(YOUR INSTRUCTIONS)
Set down all of the entries below exactly, and omit the pictures.

(INPUT DATA)
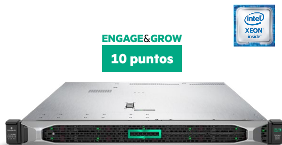
ProLiant DL360 Gen10
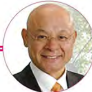
林 伊佐雄氏 (埼玉県三芳町長)
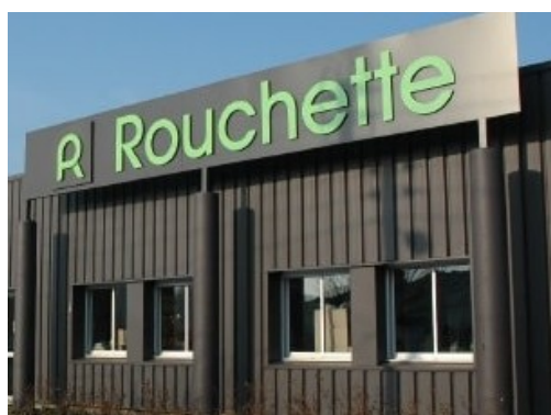
Rouchette ~ May-sur-Evre
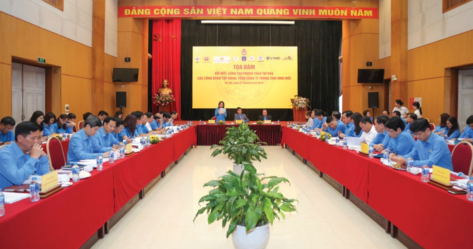
Toàn cảnh buổi tọa đàm
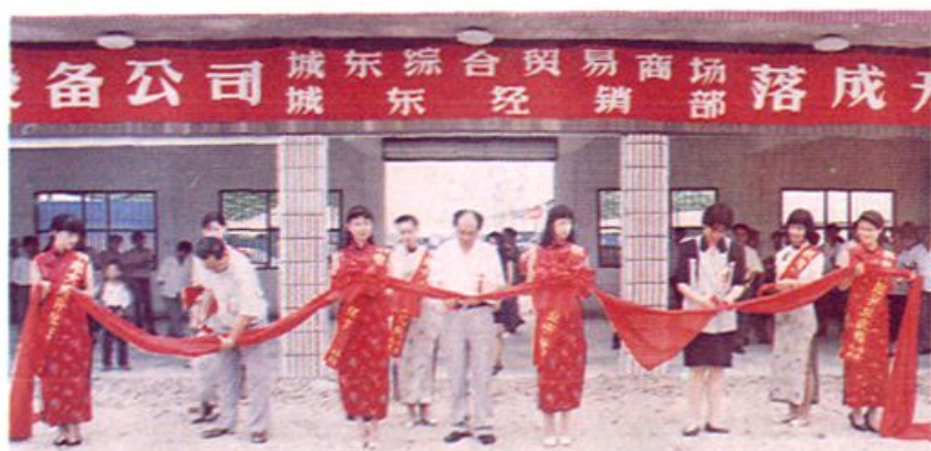
积6600多平方米。 合贸易商场，总面 公司在城东兴建综 漳州市机电设备
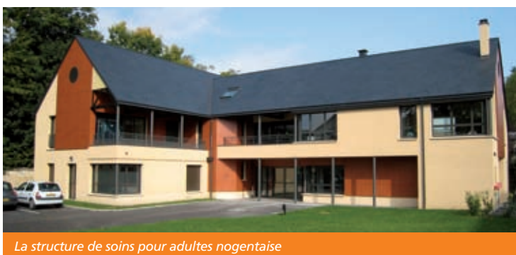
La structure de soins pour adultes nogentaise

Le nouveau bâtiment est doté d'un rez-de-chaussée et d'un étage totalement accessibles aux personnes à mobilité réduite. Il s'inscrit à proximité de la structure Infanto-Juvenile et représente une surface de plancher de 530 m 2 . Le rez-de-chaussée est dédié au CMP et l'étage à l'Hôpital de Jour. Le bâtiment, de style contemporain et habillé d'un bardage en bois, est recouvert d'un enduit de couleur chaude. Il a été conçu par l'architecte Frédéric GAU qui était intervenu sur le bâtiment Les Vallées à Bonneval. L'opération a représenté une dépense globale de 1,5 M€.
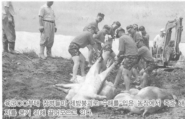
육군00부대 장병들이 제방붕괴로 수해를 입은 농장에서 죽은 돼지를 묻기 위해 끌어모으고 있다.
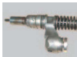
Inyector o unidad-bomba desmontado o incompleto.
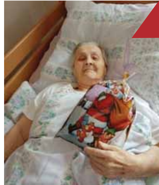
V decembri sme oslávili aj sv. Mikuláša. Naši seniori dostali mikulášske balíčky, ktorým sa potešili.
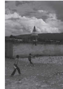
阿壩童子舞 Children are dancing in Akan
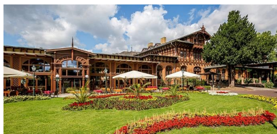
Dorint Hotel "Herrenkrug", Magdeburg
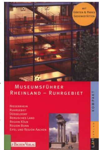
Julia Vatter-Zipelius Museumsführer Rheinland-Ruhrgebiet L & H Verlag Hamburg / J. P. Bachem Verlag Köln 2002

Obwohl dieser Führer sich auf die Moderne Kunst beschränkt (beginnend ca. 1870), kommen doch eine Reihe von Einrichtungen zusammen, die auf ähnliche Weise wie im oben erwähnten Führer von Martin Oehlen aus dem gleichen Verlag beschrieben werden.
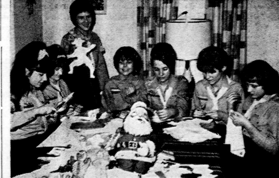
Neringos tunto Clevelande skautės daro rankdarbius Kaziuko mugėi. Sėdė palia (stovi) laiko popierinį skautuką, kurį jos daug pridarys ir patampius už virtutes darys juokingus judesius.

Amerikos Lietuvių tarybos Clevelando skyriaus organizacijų susirinkimas įvyksta
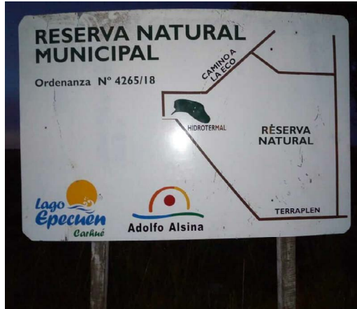
Figura 3: Cartel, colocado en la zona donde se asentaba la familia Pita de Carhué, que anuncia la Reserva Natural Municipal y su delimitación (según la Ordenanza N° 4265/18).

Luego del trabajo conjunto de la comunidad con el grupo (UBANEX-UBACYT) para los papeles de la personería jurídica, surgieron otras colaboraciones y pedidos. Vemos que en la entrevista de la Radio “FM Sueños” la Lonka buscó resaltar cuáles son las instituciones que los respaldan y, además, la importancia que implica para la comunidad conseguir el apoyo de las autoridades. De manera detallada contó todo lo que están haciendo para lograr sus objetivos: juntar firmas, la solicitud al grupo UBANEX de elaborar una carta que avale y constatare el pedido de las tierras de la familia Pita y el contacto con distintos organismos y abogados del CPAI y del INAI. Asimismo resaltó:
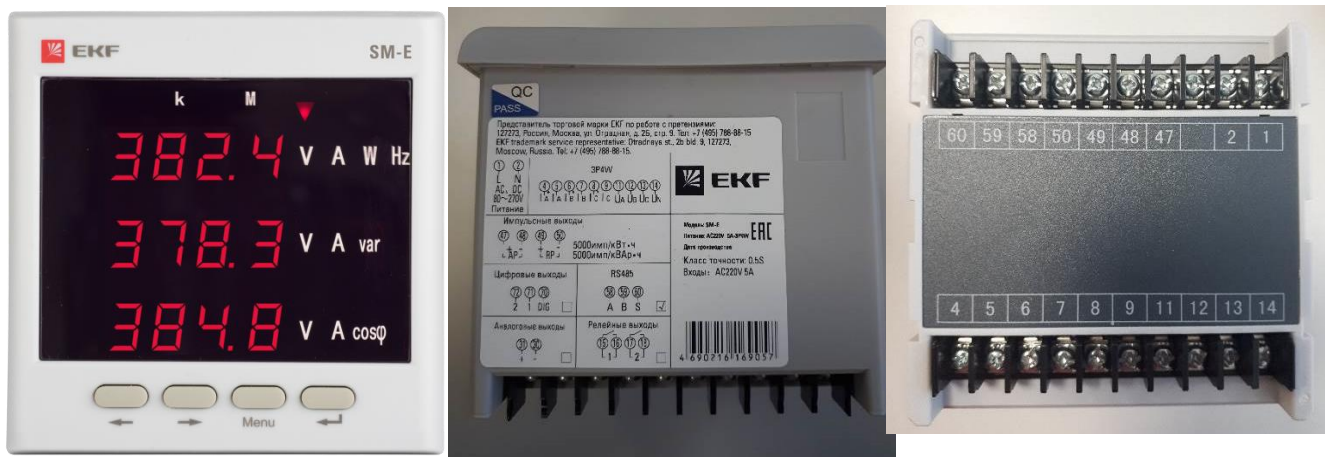
а) модификация SM-E
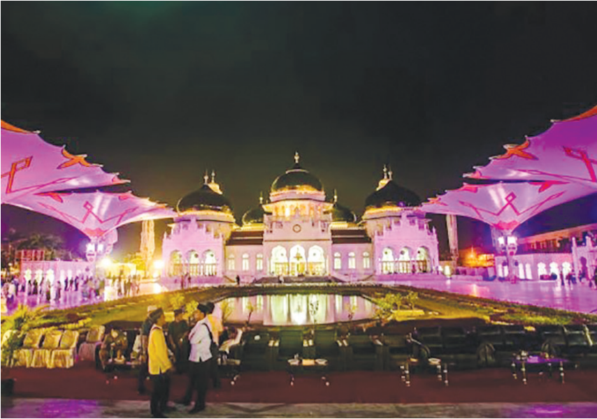
Kondisi Banda Aceh tahun 2018. (foto: https://www.google.co.id/mirajnews.baiturrahman )

Banda Aceh sekarang sudah sangat indah. Masjid Raya Baiturrahman sudah dibangun kembali. Banyak payung yang dibangun sehingga ketika malam hari, masjid Raya Baiturrahman menampilkan lampu warna-warni yang indah sekali. Payung itu menyerupai payung di masjid di Madinah. Di samping masjid, ada taman Bustanus Salatin yang dibuat untuk taman bermain anak-anak dan tempat pertunjukan seni. Sekarang, tidak ada lagi puing-puing tsunami, jalanan tidak macet, semua transportasi ada.

(RESULT OF THIS TASK)
ProLiant DL360 Gen10
林 伊佐雄氏 (埼玉県三芳町長)
Rouchette ~ May-sur-Evre
Toàn cảnh buổi tọa đàm
积6600多平方米。 合贸易商场，总面 公司在城东兴建综 漳州市机电设备
La structure de soins pour adultes nogentaise

Le nouveau bâtiment est doté d'un rez-de-chaussée et d'un étage totalement accessibles aux personnes à mobilité réduite. Il s'inscrit à proximité de la structure Infanto-Juvenile et représente une surface de plancher de 530 m 2 . Le rez-de-chaussée est dédié au CMP et l'étage à l'Hôpital de Jour. Le bâtiment, de style contemporain et habillé d'un bardage en bois, est recouvert d'un enduit de couleur chaude. Il a été conçu par l'architecte Frédéric GAU qui était intervenu sur le bâtiment Les Vallées à Bonneval. L'opération a représenté une dépense globale de 1,5 M€.
육군00부대 장병들이 제방붕괴로 수해를 입은 농장에서 죽은 돼지를 묻기 위해 끌어모으고 있다.
Inyector o unidad-bomba desmontado o incompleto.
V decembri sme oslávili aj sv. Mikuláša. Naši seniori dostali mikulášske balíčky, ktorým sa potešili.
阿壩童子舞 Children are dancing in Akan
Dorint Hotel "Herrenkrug", Magdeburg
Julia Vatter-Zipelius Museumsführer Rheinland-Ruhrgebiet L & H Verlag Hamburg / J. P. Bachem Verlag Köln 2002

Obwohl dieser Führer sich auf die Moderne Kunst beschränkt (beginnend ca. 1870), kommen doch eine Reihe von Einrichtungen zusammen, die auf ähnliche Weise wie im oben erwähnten Führer von Martin Oehlen aus dem gleichen Verlag beschrieben werden.
Neringos tunto Clevelande skautės daro rankdarbius Kaziuko mugėi. Sėdė palia (stovi) laiko popierinį skautuką, kurį jos daug pridarys ir patampius už virtutes darys juokingus judesius.

Amerikos Lietuvių tarybos Clevelando skyriaus organizacijų susirinkimas įvyksta
Figura 3: Cartel, colocado en la zona donde se asentaba la familia Pita de Carhué, que anuncia la Reserva Natural Municipal y su delimitación (según la Ordenanza N° 4265/18).

Luego del trabajo conjunto de la comunidad con el grupo (UBANEX-UBACYT) para los papeles de la personería jurídica, surgieron otras colaboraciones y pedidos. Vemos que en la entrevista de la Radio “FM Sueños” la Lonka buscó resaltar cuáles son las instituciones que los respaldan y, además, la importancia que implica para la comunidad conseguir el apoyo de las autoridades. De manera detallada contó todo lo que están haciendo para lograr sus objetivos: juntar firmas, la solicitud al grupo UBANEX de elaborar una carta que avale y constatare el pedido de las tierras de la familia Pita y el contacto con distintos organismos y abogados del CPAI y del INAI. Asimismo resaltó:
а) модификация SM-E
Kondisi Banda Aceh tahun 2018. (foto: https://www.google.co.id/mirajnews.baiturrahman )

Banda Aceh sekarang sudah sangat indah. Masjid Raya Baiturrahman sudah dibangun kembali. Banyak payung yang dibangun sehingga ketika malam hari, masjid Raya Baiturrahman menampilkan lampu warna-warni yang indah sekali. Payung itu menyerupai payung di masjid di Madinah. Di samping masjid, ada taman Bustanus Salatin yang dibuat untuk taman bermain anak-anak dan tempat pertunjukan seni. Sekarang, tidak ada lagi puing-puing tsunami, jalanan tidak macet, semua transportasi ada.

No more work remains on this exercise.